1. Protect your brain before key sessions.
Avoid heavy screen time, decision-making, or mentally draining work before threshold or race-pace workouts. Even 60-90 minutes of cognitive fatigue can reduce your endurance capacity.

2. Train your perception of effort.
Occasionally train under mild mental fatigue. For example, do intervals after a long workday or mentally engaging task. This builds tolerance to discomfort and teaches you to hold pace when RPE climbs early.

3. Track your effort perception.
Compare RPE to heart rate or power across similar sessions.
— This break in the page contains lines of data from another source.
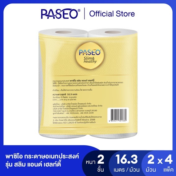 PASEO พาซิโอ รุ่น สลิม แอนด์ เฮลท์ตี้ กระดาษอเนกประสงค์ x 2 ม้วน (กระดาษทิชชู่ กระดาษซับน้ำมัน) X 4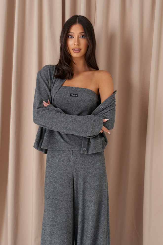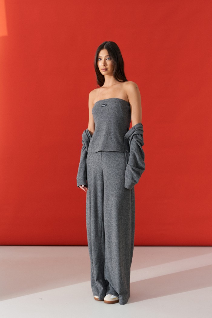 Топ прямого кроя с открытыми плечами, выполнен из трикотажного порсистого полотна серого цвета. Характеристика: прямой крой, верх изделия по передней и задней части на резинке, спереди брендированная нашивка. Длина по передней части 36см, по задней части 34см.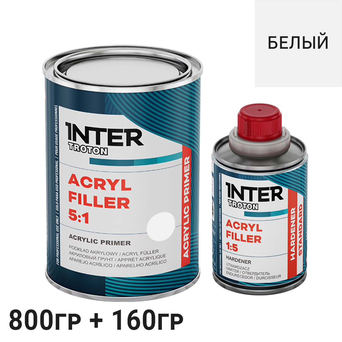 Грунт 5+1 белый HS акриловый с отвердителем INTER TROTON (0,8л+0,16л)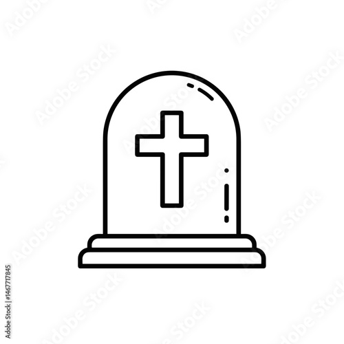 © Igor, Fototapeta premium Gravestone with cross outline on white background
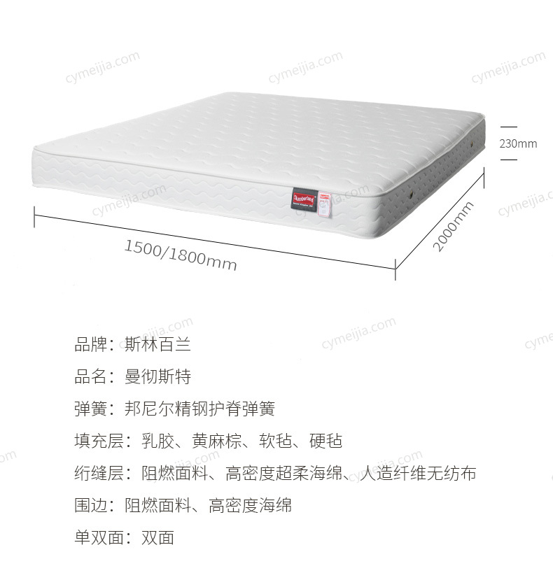 | 品牌 : Slumberland斯林百兰 | 型号 : SLBL-MCST-1800-2000-230-CD | 单双面使用 : 双面使用 | |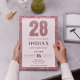 Denna 28:e födelsedagsinbjudan till guld har faux ro guld nummer 28, det är snyggt och elegant, Sparkly och chic, Glam ro, rosa överraskning för en milstolpe på födelsedagen.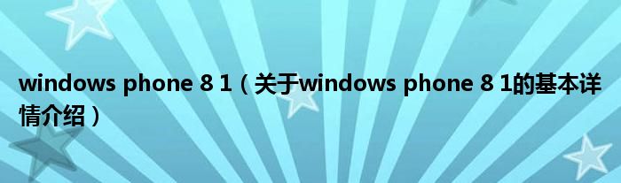 本文关于windows phone 8 1的基本详情介绍就讲解完毕,希望对大家有所帮助。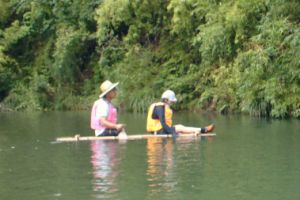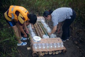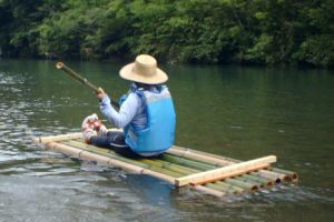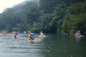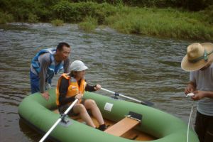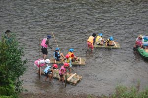 最初に、川下り到着地点から道まで登る箇所の草刈をしました。その後ecoスクールで予定している約500mの距離を竹イカダとゴムボートで川下りをしました。雨により水量がいつもより多かったため流れが早かったため到着地点に思ったより早く着いてしまいました。川の水量が減っていないと困りますので、ecoスクール前一週間位は、雨の無い日が続くことを祈るばかりです。竹イカダは、大人二人でも何とか浮きますが二人乗りとなるとバランスをとるのが難しくなります。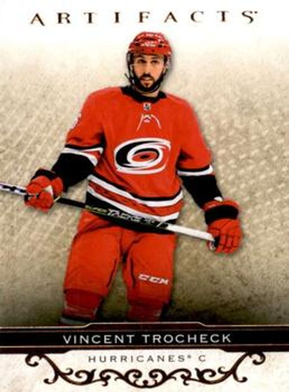 The Vincent Trocheck 2021 Upper Deck Artifacts #32 Rose Gold card is 1 of 18 Vincent Trocheck's card variations in the 2021 Upper Deck Artifacts set being tracked by Sports Card Investor, including Base /999, Neon Green, Turquoise, Ruby /499, and Silver Spectrum /299.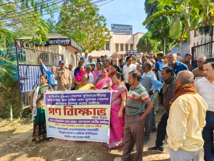 স্যন্দন ডিজিটাল ডেস্ক, আগরতলা। ২২ ডিসেম্বর : সোমবার পেনশনার্স ওয়েলফেয়ার সোসাইটি ও ত্রিপুরা চটকল শ্রমিক ইউনিয়ন সম্মিলিত যৌথ সংগ্রাম কমিটির উদ্যোগে গন বিক্ষোভ কর্মসূচি অনুষ্ঠিত হয়। ভবিষ্যনিধি ভবন প্রাঙ্গণে এই গন বিক্ষোভ কর্মসূচি সংগঠিত করা হয়। ই.পি.এফ ১৯৯৫ পেনশন সুবিধাভোগীদের অফ লাইন, অন লাইন এবং নুন্যতম পেনশন অতিদ্রুত নিষ্পন্ন করার দাবীতে এই গণ বিক্ষোভ কর্মসূচি পালন করা হয়। এইদিনের বিক্ষোভ কর্মসূচিতে উপস্থিত ছিলেন ত্রিপুরা চটকল শ্রমিক ইউনিয়নের নেতৃত্ব ধনমনি সিং।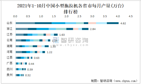2021年1-10月中國小型拖拉機各省市每月產量排行榜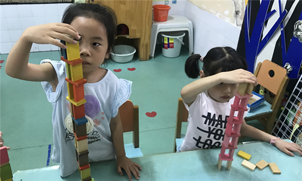 首先,请幼儿自己挑选十块多米诺骨牌;其次,给幼儿设定五分钟的游戏时间;最后,比比谁的多米诺骨牌垒的最高,并进行作品展示和分享交流。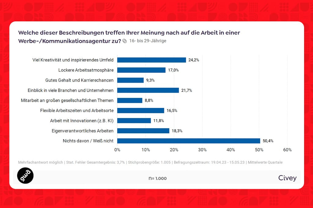 Die mittels der Umfrage ermittelten Top-Fünf-Wünsche junger Menschen an Arbeitsplatz und potentielle Arbeitgeber sind laut Studie ein gutes Gehalt und Karrierechancen (68,7%), eigenverantwortliches Arbeiten (48,7%), eine lockere Arbeitsatmosphäre (45,8%), Flexibilität in Bezug auf Arbeitszeiten und -ort (43,5%) sowie ein kreatives und inspirierendes Umfeld (21,3%). Gleichzeitig zeige die Umfrage eine geringe Kenntnis über die Arbeitsrealität in Agenturen, die laut Civey bereits „in hohem Maße“ die geäußerten Wünsche an einen potentiellen Arbeitgeber erfüllen sollen. So gibt jeder zweite Befragte an, keine genauen Kenntnisse über die Arbeitsbedingungen in einer Agentur zu haben. Gleichzeitig würden nach wie vor Klischees und verzerrte Wahrnehmungen über den Agenturalltag existieren – etwa was Bezahlung, flexible Arbeitszeiten oder Agilität und Kreativität angeht.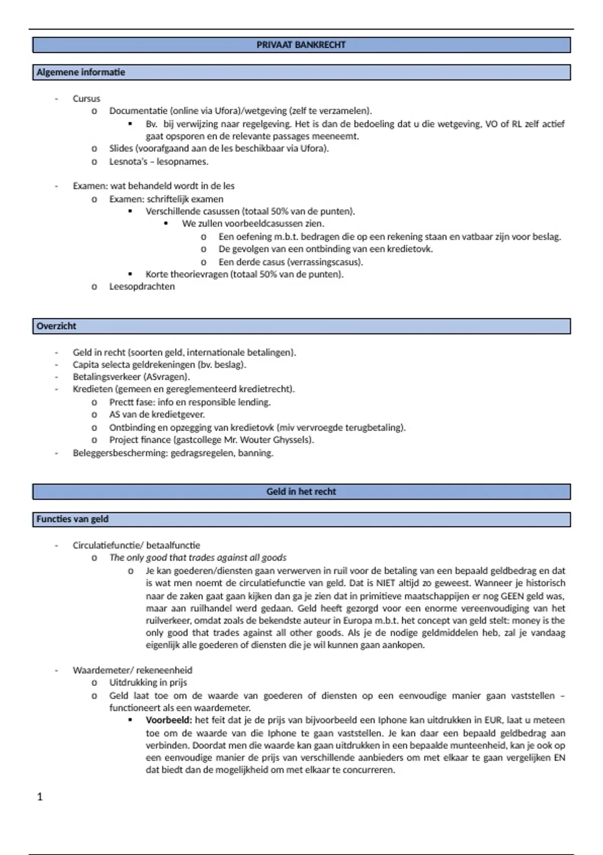 - Geld in recht (soorten geld, internationale betalingen).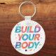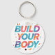 The t-shirt features a bold, minimalist design with the phrase "Build Your Body" written in a large, sans-serif font. The letters are stacked on top of each other, creating a sense of movement and momentum. The background is a simple, light blue colour, which helps to highlight the text. The overall design is clean and modern, with a strong focus on the message.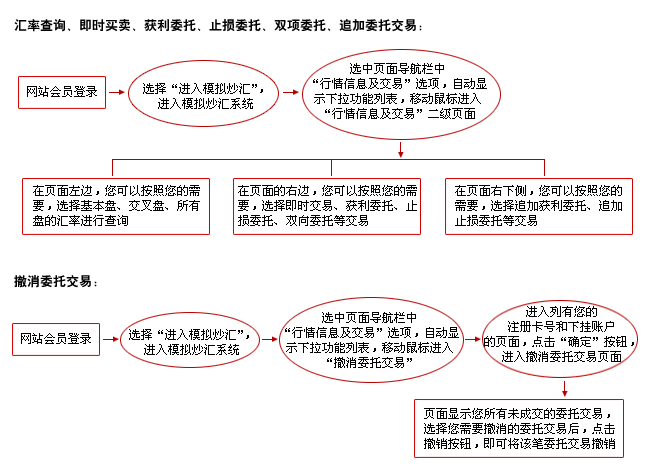 (三)行情信息及交易。爲您提供匯率查詢、即時買賣、獲利委託、止損委託、雙項委託、追加委託及撤消委託等交易功能。查看流程>>

If RPE rises while HR stays steady, it may be mental fatigue, not physical overtraining.

4. Recover the mind like the body.
Just like your body needs rest, your brain likely does too.

5. Apply it to race week.
If possible, Taper physical load and mental load. Reduce screen time, decision-making, and high-stress work before competition.

🔗 References

Marcora, S. M., Staiano, W., & Manning, V. (2009). Mental fatigue impairs physical performance in humans. Journal of Applied Physiology, 106(3), 857–864. https://doi.org/10.1152/japplphysiol.91324.2008 

Book: Hutchinson, A. (2018). Endure: Mind, body, and the curiously elastic limits of human performance. William Morrow.